Good defaults: bge-reranker-v2-m3, Cohere Rerank, or a domain-tuned cross-encoder. Rerank latency is real (50–300 ms typical); budget for it.

Evaluation with Ragas

“Does it feel better?” is not an evaluation strategy. A RAG system has at least three dials and you need to measure each one.

Ragas (and friends — TruLens, DeepEval) define metrics like:

Context precision — are the retrieved chunks actually relevant to the question?
Context recall — did we retrieve everything needed to answer?
Faithfulness — does the generated answer only say things supported by the retrieved chunks?
Answer relevance — does the answer address the question?

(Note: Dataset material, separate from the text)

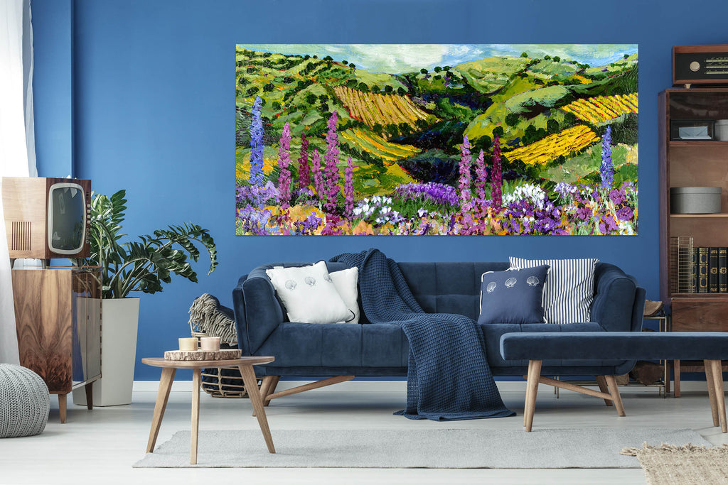 Make sure the wall surface is flat, clean and smooth. A clean and dry wall will help the adhesive from your wall mural to keep its stickiness. Put all panels on the ground, check the order. Measure and write down the dimensions of each panel. Mark vertical guidelines according to the panel's dimensions. Leave 2-3cm overlap between panels.
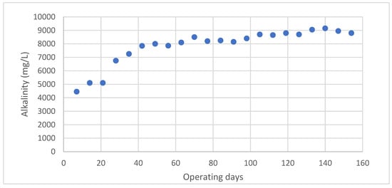 Figure 9 presents the changes in alkalinity, which was continuously maintained at >5000 mg/L after 20 days and at 8000–9000 mg/L after 40 days. The VFA/alkalinity ratio remained somewhat low at 0.04–0.06. The main factors of the anaerobic digestion tank were maintained throughout the operation, confirming that the mixed waste of pig manure, food waste, excretion, and thickened sewage sludge was treated with rigor. The organic loading rate of the digester gradually increased and maintained a monthly average range of 0.96–0.99 kg VS/m3/day after 65 days of operation and remained low at <1 kg VS/m3/day throughout the operation. Therefore, the organic matter removal rate was maintained at a low level, with an average of 64%. As the inefficiency of digester operation increases when the organic matter content of the inflow waste is low, managing organic waste intake is crucial to operating and maintaining the digester efficiently.

Build a small gold set of (question, ideal answer, ideal sources) — 50 examples is enough to start. Run it on every meaningful change.

Common failure modes

Retrieval returns the wrong documents (bad chunking, bad embedding model, no metadata filtering). Fix retrieval first — the generator can’t fix what it was never shown.
Retrieval returns the right documents, but the LLM ignores them. The prompt is unclear, the context is too long, or the LLM trusts its prior over the context. Fix the prompt, shrink the context, or use a stronger model.
The LLM cites things that aren’t in the context. Add an instruction to cite only from the provided sources; post-process to verify citations actually exist.
Lost-in-the-middle. LLMs attend more to the start and end of long contexts. Keep the prompt short and rank order the most important chunks to the edges.
Stale index. The docs have updated, the vector store has not. Set up an ingestion pipeline that re-embeds on source changes.
Multi-hop questions. “Which customer’s most recent support ticket mentioned our competitor?” can’t be answered with a single retrieval. You need query decomposition, iterative retrieval, or an agent.

When not to RAG

The corpus fits in the context window. Just paste it.
The knowledge is truly static and needs to be reflected in the model’s default behavior — prefer fine-tuning.
You need exact arithmetic or structured data queries. Use tools / SQL, not text retrieval.